§ **Work to complete**:
Go to the line holding "구성라이온스클럽은 이날 구성동, 보정동, 마북동" in the data below and repeat it exactly, then each line after it up to and including the one holding "Sie finden das". Omit pictures.

§ **Records for processing**:
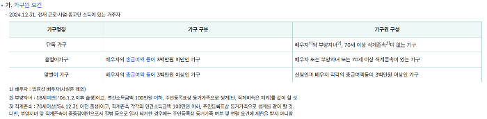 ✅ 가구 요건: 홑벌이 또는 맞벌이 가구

==

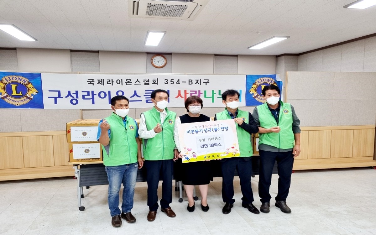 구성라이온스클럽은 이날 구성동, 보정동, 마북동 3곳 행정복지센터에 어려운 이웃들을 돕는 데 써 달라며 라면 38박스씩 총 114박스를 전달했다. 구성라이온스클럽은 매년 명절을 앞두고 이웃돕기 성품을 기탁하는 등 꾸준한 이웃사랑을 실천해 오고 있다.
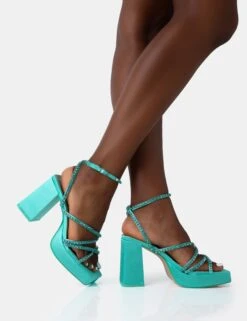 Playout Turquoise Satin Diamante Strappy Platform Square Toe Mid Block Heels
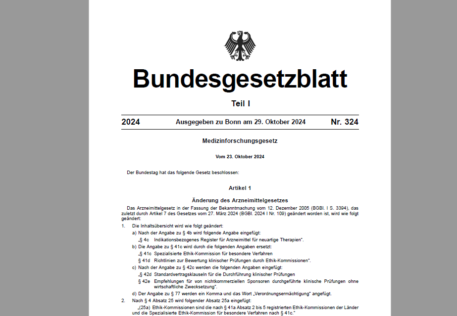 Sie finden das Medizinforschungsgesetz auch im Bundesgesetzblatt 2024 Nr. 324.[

§ **Solution to this exercise**:
 구성라이온스클럽은 이날 구성동, 보정동, 마북동 3곳 행정복지센터에 어려운 이웃들을 돕는 데 써 달라며 라면 38박스씩 총 114박스를 전달했다. 구성라이온스클럽은 매년 명절을 앞두고 이웃돕기 성품을 기탁하는 등 꾸준한 이웃사랑을 실천해 오고 있다.
 Playout Turquoise Satin Diamante Strappy Platform Square Toe Mid Block Heels
 Sie finden das Medizinforschungsgesetz auch im Bundesgesetzblatt 2024 Nr. 324.[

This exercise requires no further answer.